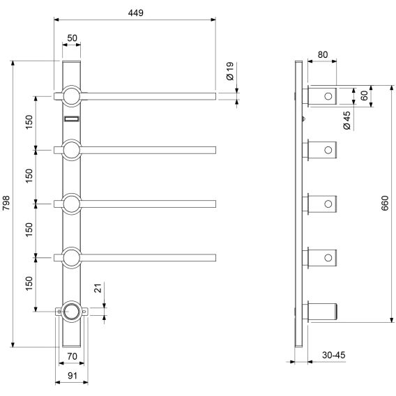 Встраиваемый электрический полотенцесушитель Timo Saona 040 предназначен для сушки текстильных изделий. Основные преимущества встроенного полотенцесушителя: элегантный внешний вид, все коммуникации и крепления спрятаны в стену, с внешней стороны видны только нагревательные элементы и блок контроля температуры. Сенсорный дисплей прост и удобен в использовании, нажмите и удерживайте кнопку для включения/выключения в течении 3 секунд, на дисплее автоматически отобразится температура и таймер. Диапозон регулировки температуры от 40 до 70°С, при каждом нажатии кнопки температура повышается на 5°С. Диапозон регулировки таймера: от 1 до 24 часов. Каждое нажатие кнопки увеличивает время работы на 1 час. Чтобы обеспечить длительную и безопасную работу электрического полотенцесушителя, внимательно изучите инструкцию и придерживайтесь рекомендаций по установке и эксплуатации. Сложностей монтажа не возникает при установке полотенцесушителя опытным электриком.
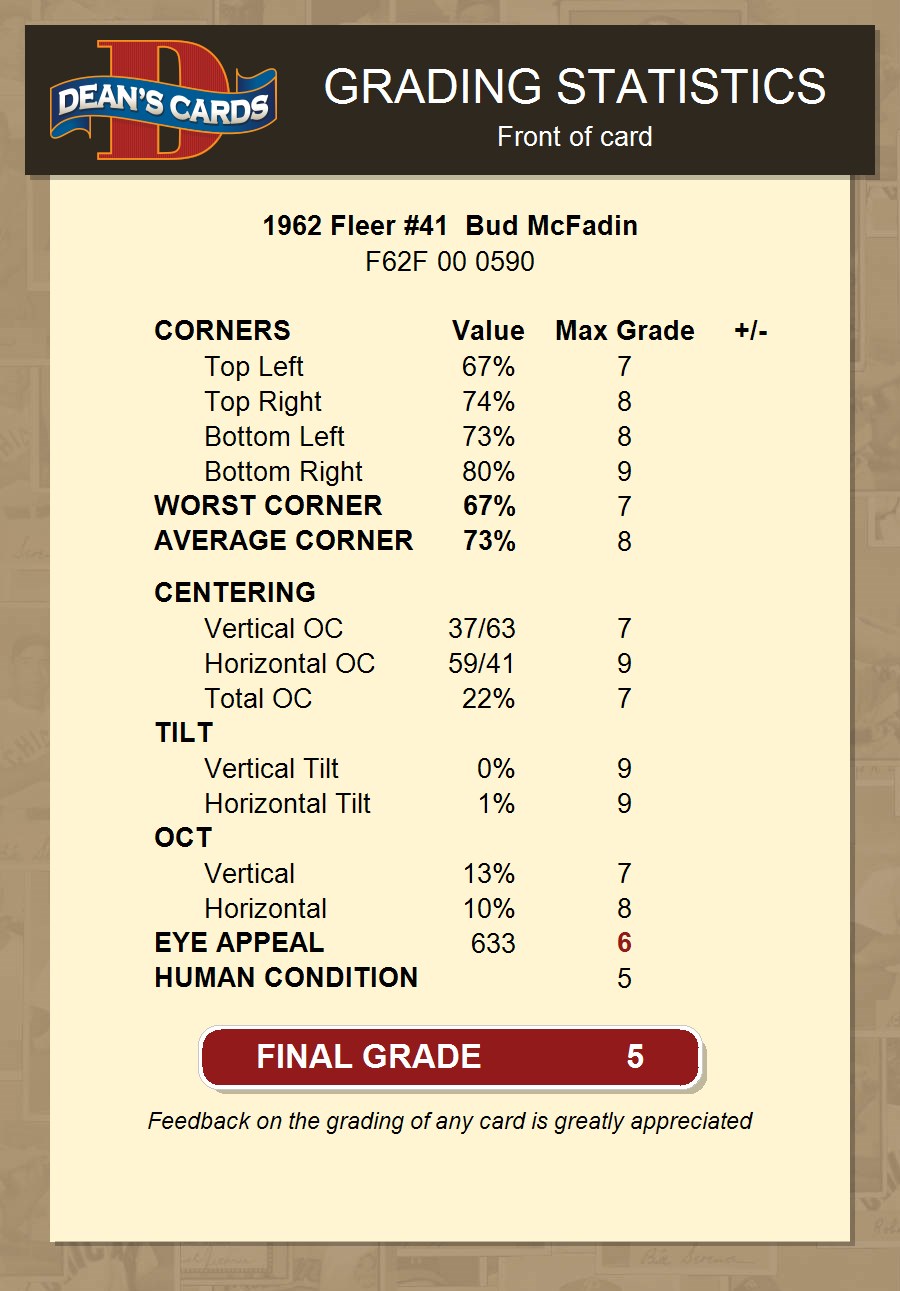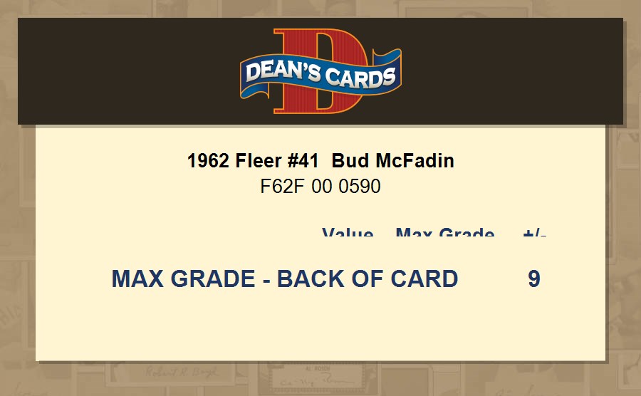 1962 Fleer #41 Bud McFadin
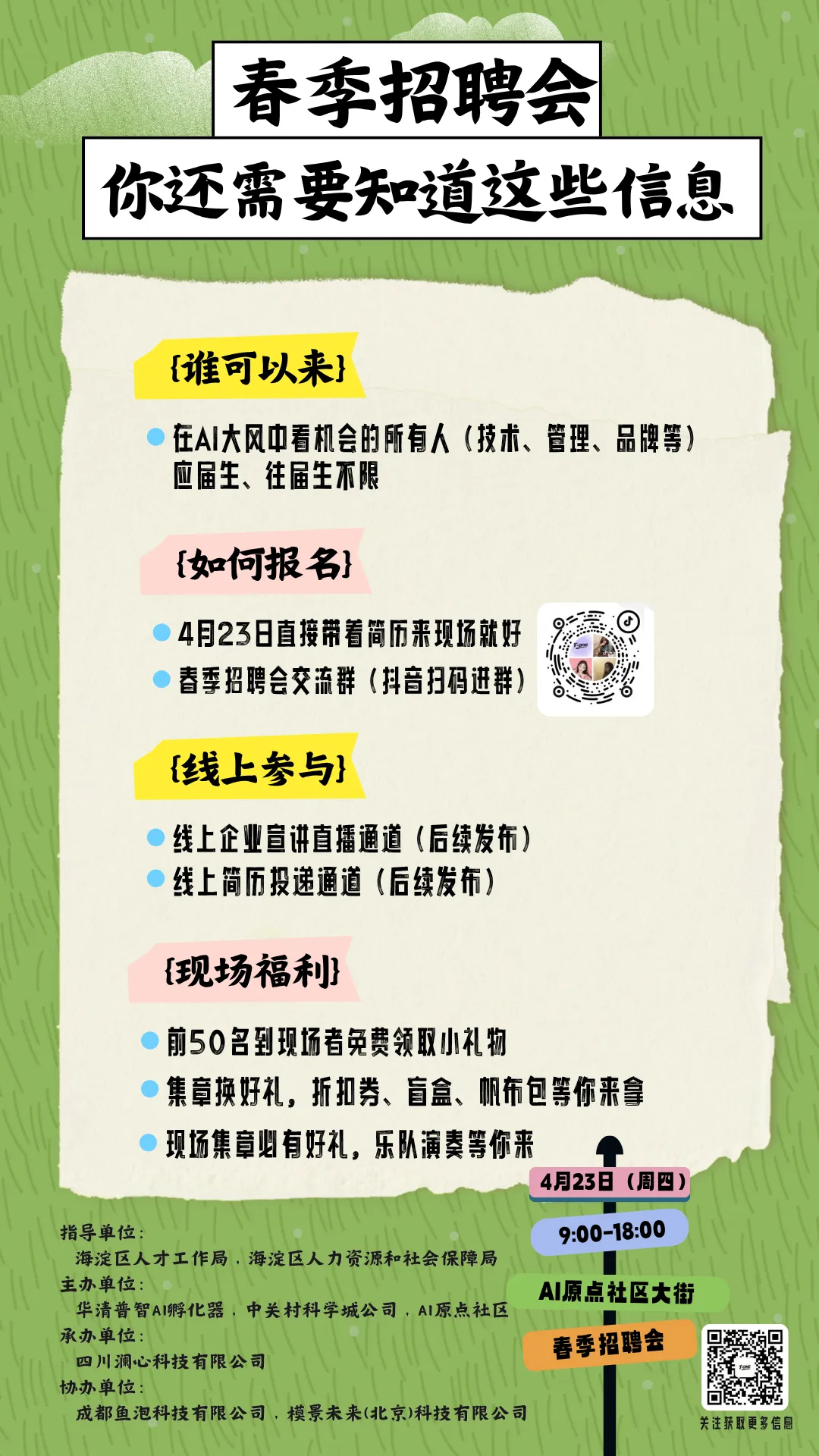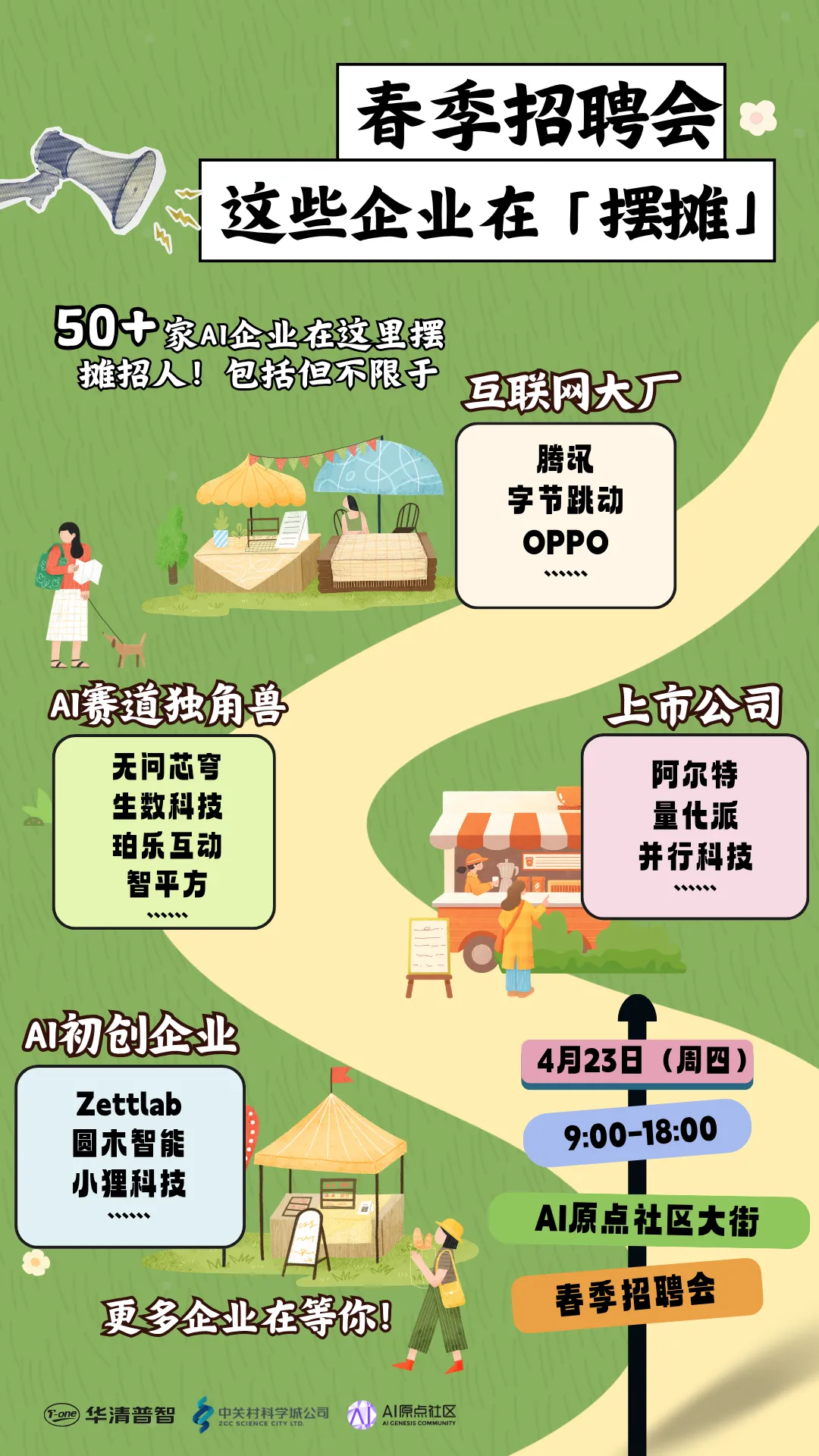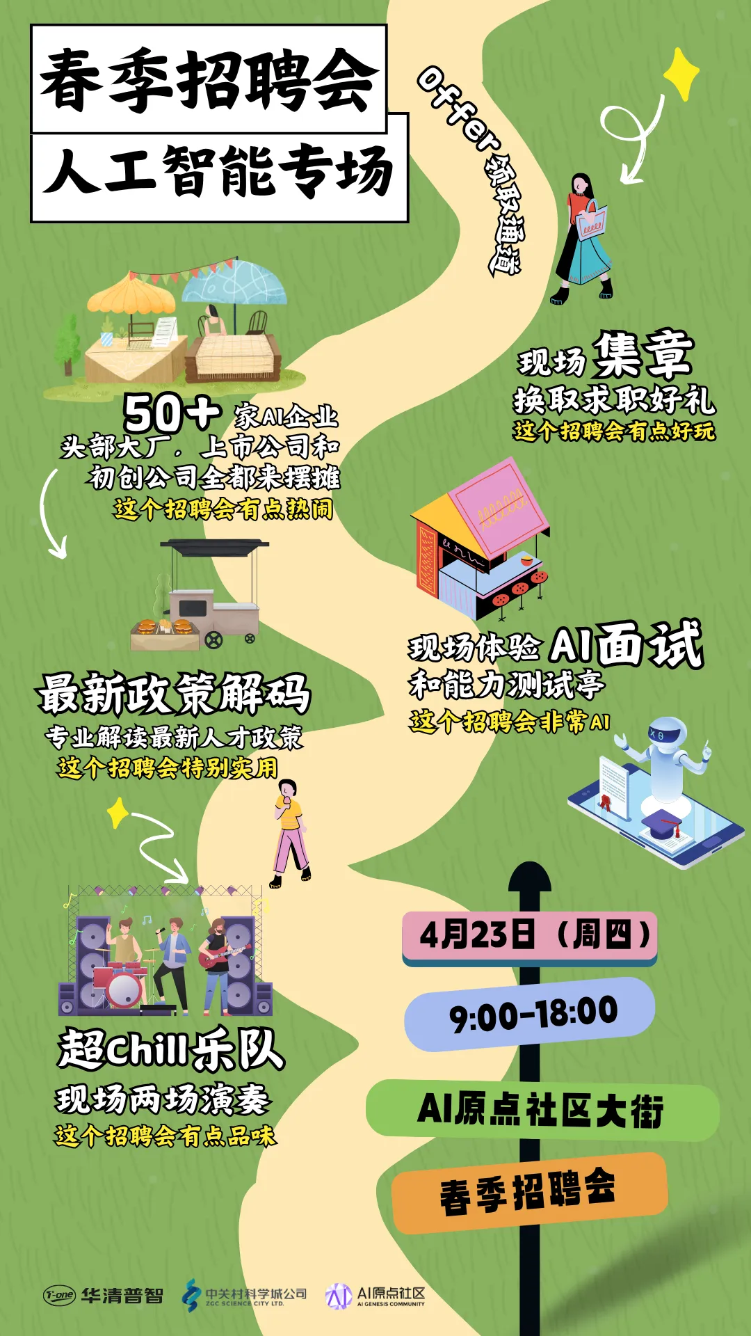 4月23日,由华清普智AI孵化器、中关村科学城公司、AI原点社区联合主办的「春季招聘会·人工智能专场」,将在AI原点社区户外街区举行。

--

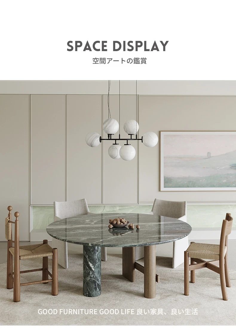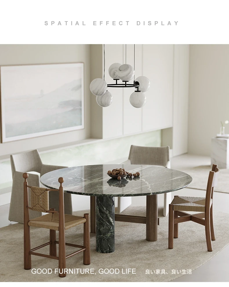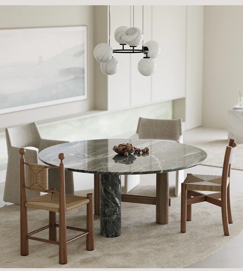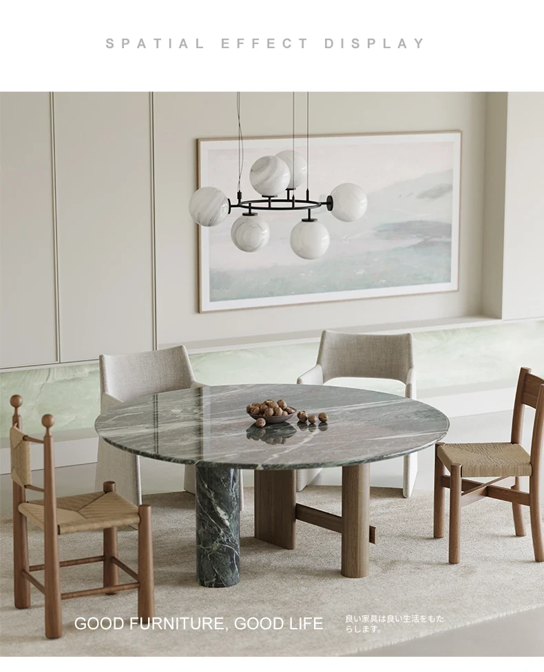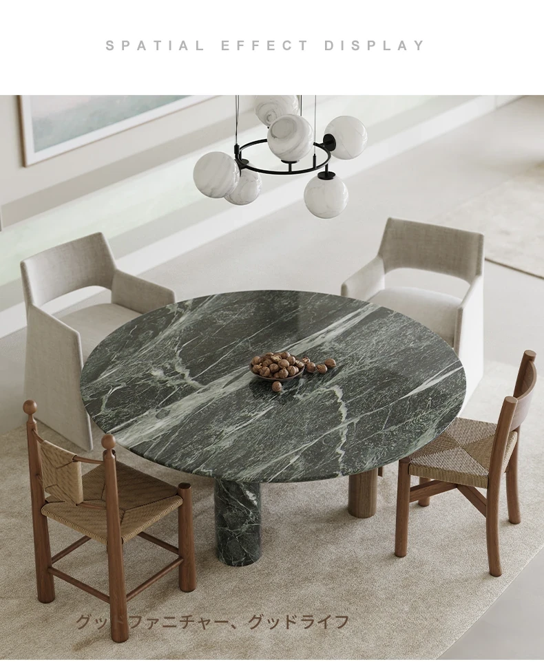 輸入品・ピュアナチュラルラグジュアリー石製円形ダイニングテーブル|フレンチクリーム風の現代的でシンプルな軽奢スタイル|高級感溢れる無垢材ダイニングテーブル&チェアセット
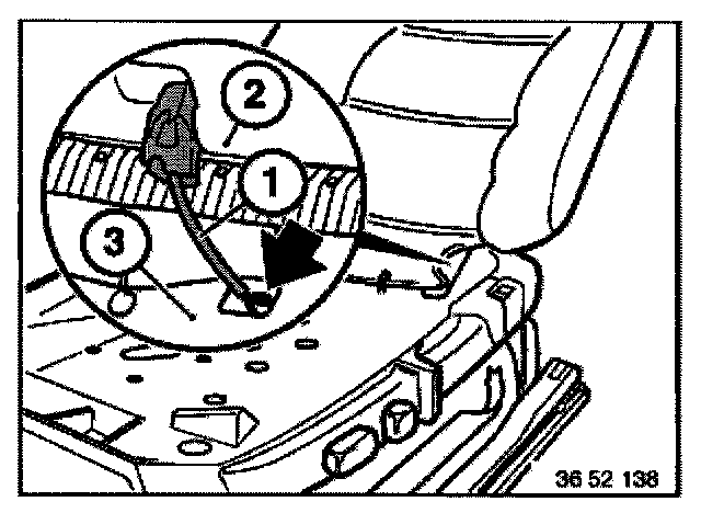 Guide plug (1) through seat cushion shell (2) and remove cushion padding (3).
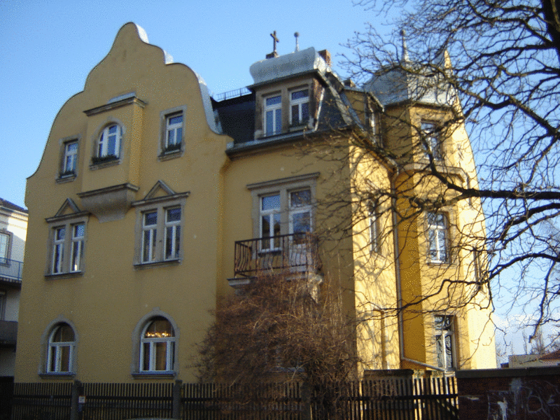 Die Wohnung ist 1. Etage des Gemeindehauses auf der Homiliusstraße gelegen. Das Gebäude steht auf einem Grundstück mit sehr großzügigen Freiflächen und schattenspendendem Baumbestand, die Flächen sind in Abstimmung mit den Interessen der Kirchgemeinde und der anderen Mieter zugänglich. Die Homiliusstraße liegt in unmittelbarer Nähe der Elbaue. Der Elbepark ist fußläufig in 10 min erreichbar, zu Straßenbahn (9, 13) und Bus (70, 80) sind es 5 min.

==

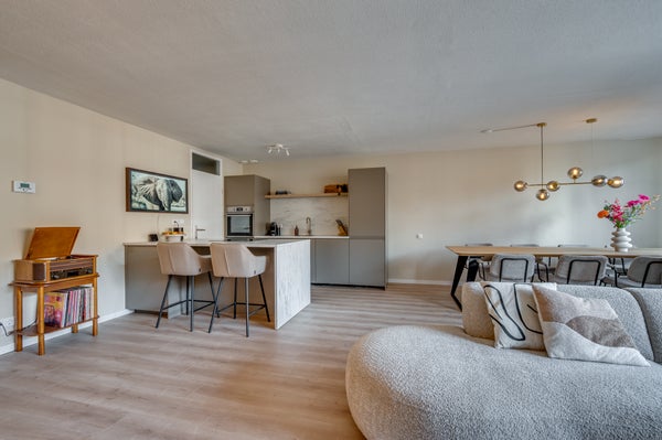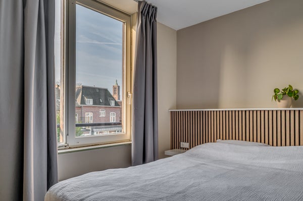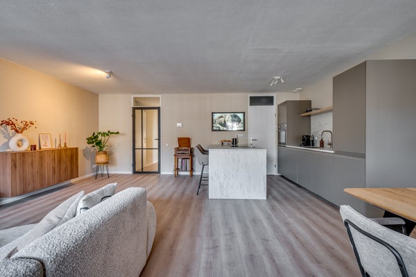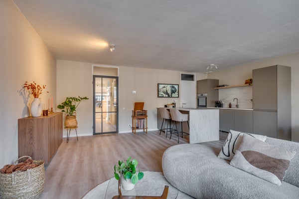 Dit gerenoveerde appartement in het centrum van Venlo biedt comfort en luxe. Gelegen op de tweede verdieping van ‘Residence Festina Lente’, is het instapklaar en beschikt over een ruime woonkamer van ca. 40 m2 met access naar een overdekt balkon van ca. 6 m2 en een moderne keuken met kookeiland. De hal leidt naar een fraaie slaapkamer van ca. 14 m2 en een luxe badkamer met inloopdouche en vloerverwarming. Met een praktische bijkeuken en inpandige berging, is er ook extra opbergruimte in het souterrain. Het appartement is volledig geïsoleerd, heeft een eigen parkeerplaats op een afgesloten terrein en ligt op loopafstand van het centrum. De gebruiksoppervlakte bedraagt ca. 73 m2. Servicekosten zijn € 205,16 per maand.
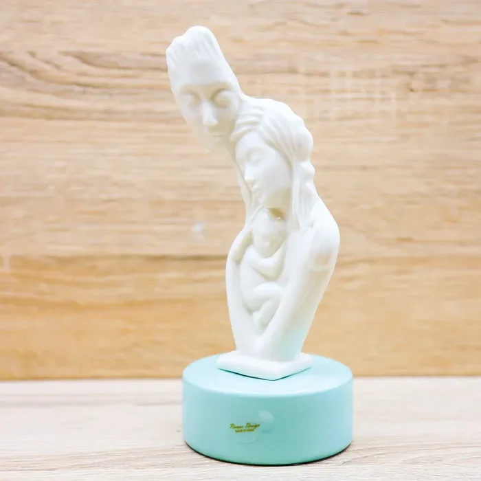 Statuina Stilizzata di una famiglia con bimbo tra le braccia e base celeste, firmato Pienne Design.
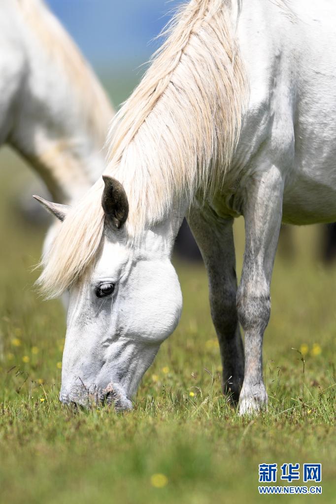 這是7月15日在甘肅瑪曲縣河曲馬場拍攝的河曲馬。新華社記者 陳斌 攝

> Description of the task
What belongs in the answer is each line above from the line with "Statuina Stilizzata di" to the line with "這是7月15日在甘肅瑪曲縣河曲馬場拍攝的河曲馬。新華社記者 陳斌 攝", inclusive, reproduced exactly and free of pictures.

> Your solution
 Statuina Stilizzata di una famiglia con bimbo tra le braccia e base celeste, firmato Pienne Design.
 這是7月15日在甘肅瑪曲縣河曲馬場拍攝的河曲馬。新華社記者 陳斌 攝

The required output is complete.